Rick Rosner: Yes, but we haven't made much headway, once you've seen an equation written so many times, once you hear or see it, you immediately pick up the symbols automatically. You've heard it or remember it, auditorially. One way that you don't experience it is doing the math, in a sense.


When putting things together, you see as one object that which is multiple objects. You just do the math. There may be another way in which it has been rehearsed in your head so many times. Even without going to the associational trouble of seeing it, or hearing it, in memory or sub-vocally.


When you say stuff within your head, you don't even really need to think of the final answer. Do you need to think of it? Is it that ingrained? I am beginning to think something is so deeply ingrained in your brain so many times that I am beginning to think that that is part of the landscape, the mental landscape, and so the spatial landscape too.

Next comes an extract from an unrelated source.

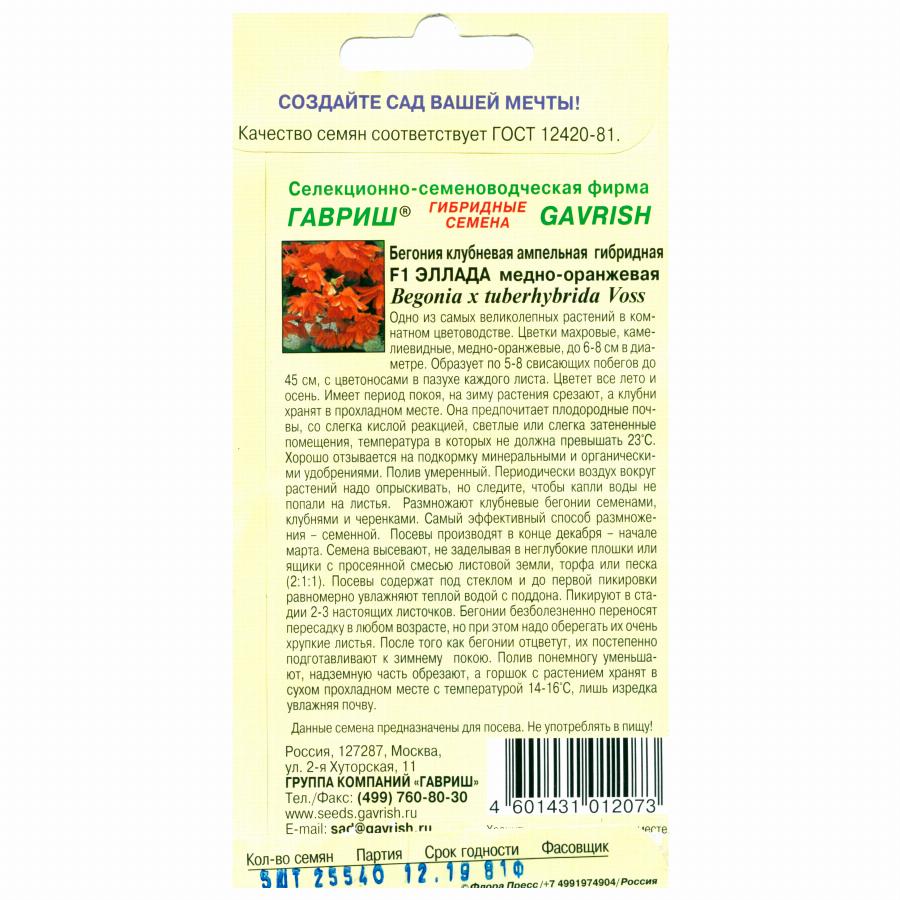 БЕГОНИЯ АМПЕЛЬНАЯ ЭЛЛАДА F1 5 ШТ гавриш

The information there feels more profound. It will be deceptive phrasing. It feels less specific and deeper. It is like an underlying worldview or set of worldviews expressed. That would constitute something more of a structural thing.

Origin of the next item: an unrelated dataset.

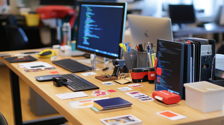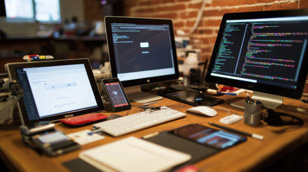 A vertical shot of programmer's desk with types of electronic equipment displaying codes

Some deeply rooted framework upon which more specific sensory information are at rest. We have specific memories. Then we have this underlying set of feelings about the world. One suspect or several suspects in discovering those inchoate feelings or attitudes about the world, about stuff in general.


One is that they are like every other specific piece of information because they are based on less information. There's no difference. That all information is the same, except for the degree to which you have the information.


The picture that you have no idea about will be vaguer than the one that you do have information about. Another way to look at it is that, maybe, another, deeper - I don't want to say, "Metaphysics," because it is a deceptive phrasing - underlying vague attitudes that might be a form of deeply held, deeply researched information that is rooted in the gravitational history. This kind of tacit information.


It is this tacit information that is this substratum - or the underlying structure or landscape - upon which the associational structure is built. Almost like a golf course or a pinball field, where - not exactly a pinball field or machine... I don't know.


It is not the best analogy because you have flat play areas and ramps. I am thinking of an undulating landscape. When you try to remember something, it is like rolling a ball across the landscape. Whatever declivity the ball falls into, that is the triggered memory.


Imagine a rolling landscape with ball holes.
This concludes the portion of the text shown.